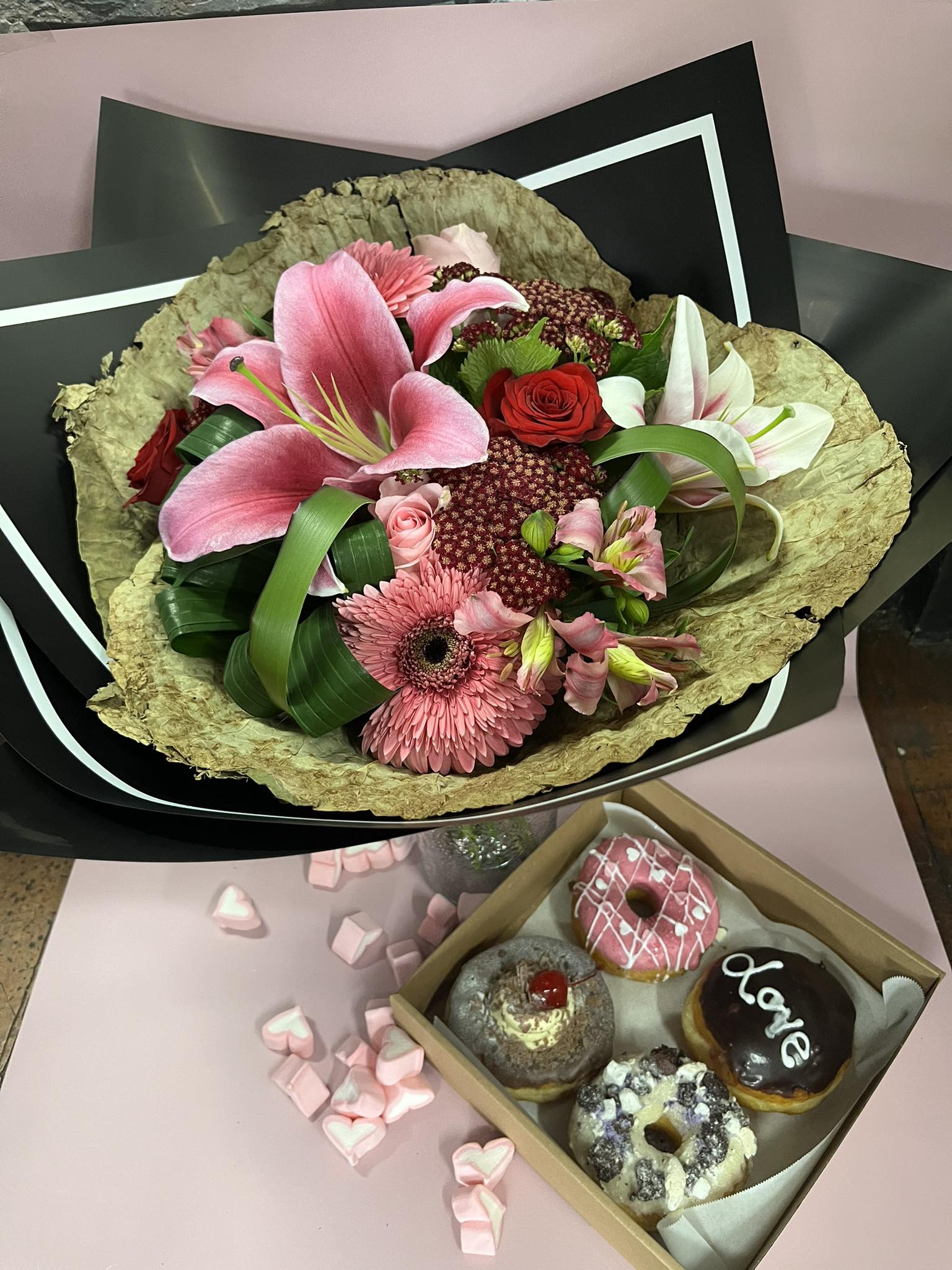 We have teamed up with the beautiful local team from Casa Valencia to bring you the most mouth watering treat....4 delicious donuts specifically designed and made for this deal accompanied by a striking fresh bouquet in whites, pinks and reds the perfect combination to satisfy your cravings.
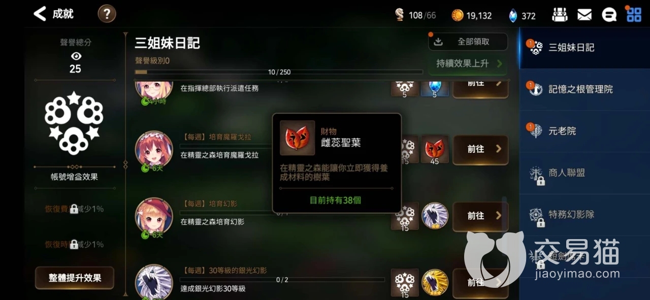 除此之外,就是“冒险者之路”的奖励了,当玩家通过了对应的关卡后,就会开启“冒险家之路”,比如“冒险者之路第二章到第四章”,就会得到200枚“雌性之花”,“在精灵之森找到一只企鹅,就会获得300枚雌性之叶”。
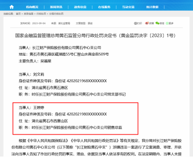 9月4日,國家金融監(jiān)督管理總局官網(wǎng)發(fā)布信息,長江財(cái)產(chǎn)保險股份有限公司黃石中心支公司原銷售總監(jiān)王婷婷私刻公章、騙取客戶資金,被終身禁止進(jìn)入保險業(yè)。
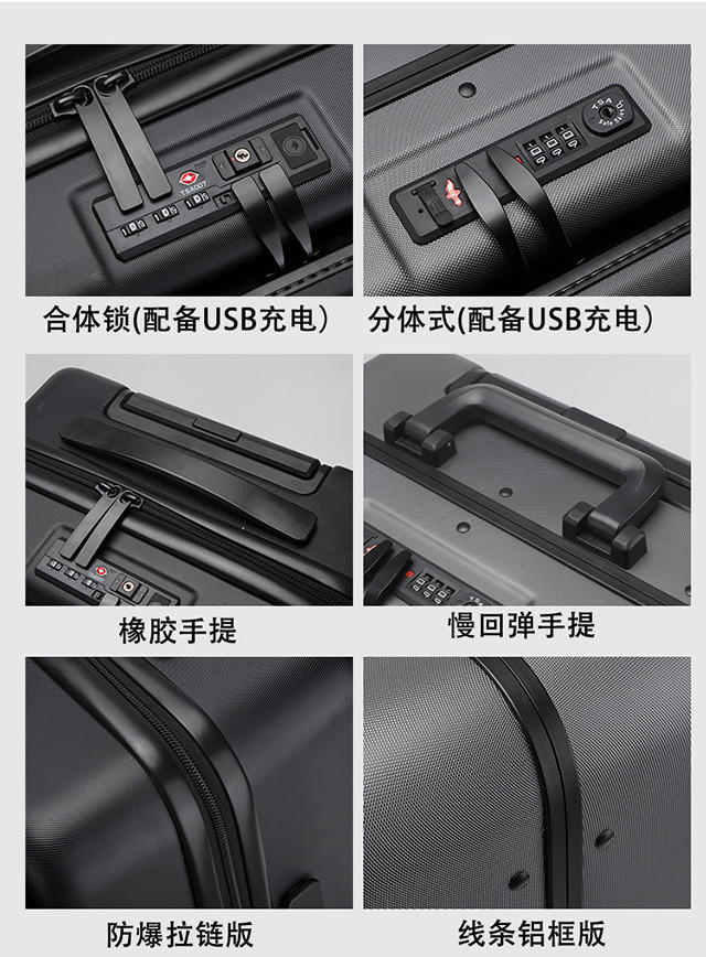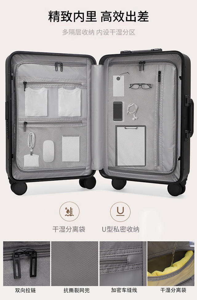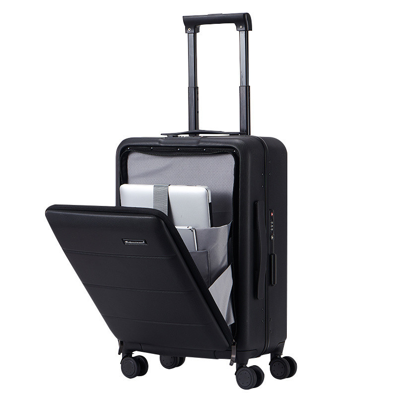 사이드 오프닝 비즈니스 하이 기어 수하물 남성용 소형 탑승 상자 알루미늄 프레임 가방 여성 컴퓨터 충전 당김

ASSIGNMENT
Across the whole listing above, repeat each line exactly and leave out the images.

TASK RESPONSE
 We have teamed up with the beautiful local team from Casa Valencia to bring you the most mouth watering treat....4 delicious donuts specifically designed and made for this deal accompanied by a striking fresh bouquet in whites, pinks and reds the perfect combination to satisfy your cravings.
 除此之外,就是“冒险者之路”的奖励了,当玩家通过了对应的关卡后,就会开启“冒险家之路”,比如“冒险者之路第二章到第四章”,就会得到200枚“雌性之花”,“在精灵之森找到一只企鹅,就会获得300枚雌性之叶”。
 9月4日,國家金融監(jiān)督管理總局官網(wǎng)發(fā)布信息,長江財(cái)產(chǎn)保險股份有限公司黃石中心支公司原銷售總監(jiān)王婷婷私刻公章、騙取客戶資金,被終身禁止進(jìn)入保險業(yè)。
 사이드 오프닝 비즈니스 하이 기어 수하물 남성용 소형 탑승 상자 알루미늄 프레임 가방 여성 컴퓨터 충전 당김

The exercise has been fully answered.